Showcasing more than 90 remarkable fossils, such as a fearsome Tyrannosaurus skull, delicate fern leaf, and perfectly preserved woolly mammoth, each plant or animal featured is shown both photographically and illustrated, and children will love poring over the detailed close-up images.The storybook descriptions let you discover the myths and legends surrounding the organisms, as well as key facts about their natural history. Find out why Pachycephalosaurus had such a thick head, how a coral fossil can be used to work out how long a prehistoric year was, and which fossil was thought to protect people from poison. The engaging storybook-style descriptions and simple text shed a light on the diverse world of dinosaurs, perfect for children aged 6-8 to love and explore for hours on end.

--

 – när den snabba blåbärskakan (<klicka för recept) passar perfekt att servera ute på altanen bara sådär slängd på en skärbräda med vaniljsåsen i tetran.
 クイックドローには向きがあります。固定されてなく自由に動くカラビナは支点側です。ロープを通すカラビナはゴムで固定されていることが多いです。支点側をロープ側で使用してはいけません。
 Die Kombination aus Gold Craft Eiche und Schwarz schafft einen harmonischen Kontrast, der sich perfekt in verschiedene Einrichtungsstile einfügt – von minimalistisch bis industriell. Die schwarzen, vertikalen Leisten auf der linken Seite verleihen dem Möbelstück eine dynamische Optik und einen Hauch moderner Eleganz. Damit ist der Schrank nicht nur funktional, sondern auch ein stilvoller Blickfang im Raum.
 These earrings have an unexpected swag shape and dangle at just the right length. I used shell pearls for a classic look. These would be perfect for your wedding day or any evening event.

▶ What you need to do:
From the material above, set down exactly the lines starting at the one with "vaniljsåsen i tetran." and ending at the one with "These earrings have", end lines included.

▶ Output for this task:
 – när den snabba blåbärskakan (<klicka för recept) passar perfekt att servera ute på altanen bara sådär slängd på en skärbräda med vaniljsåsen i tetran.
 クイックドローには向きがあります。固定されてなく自由に動くカラビナは支点側です。ロープを通すカラビナはゴムで固定されていることが多いです。支点側をロープ側で使用してはいけません。
 Die Kombination aus Gold Craft Eiche und Schwarz schafft einen harmonischen Kontrast, der sich perfekt in verschiedene Einrichtungsstile einfügt – von minimalistisch bis industriell. Die schwarzen, vertikalen Leisten auf der linken Seite verleihen dem Möbelstück eine dynamische Optik und einen Hauch moderner Eleganz. Damit ist der Schrank nicht nur funktional, sondern auch ein stilvoller Blickfang im Raum.
 These earrings have an unexpected swag shape and dangle at just the right length. I used shell pearls for a classic look. These would be perfect for your wedding day or any evening event.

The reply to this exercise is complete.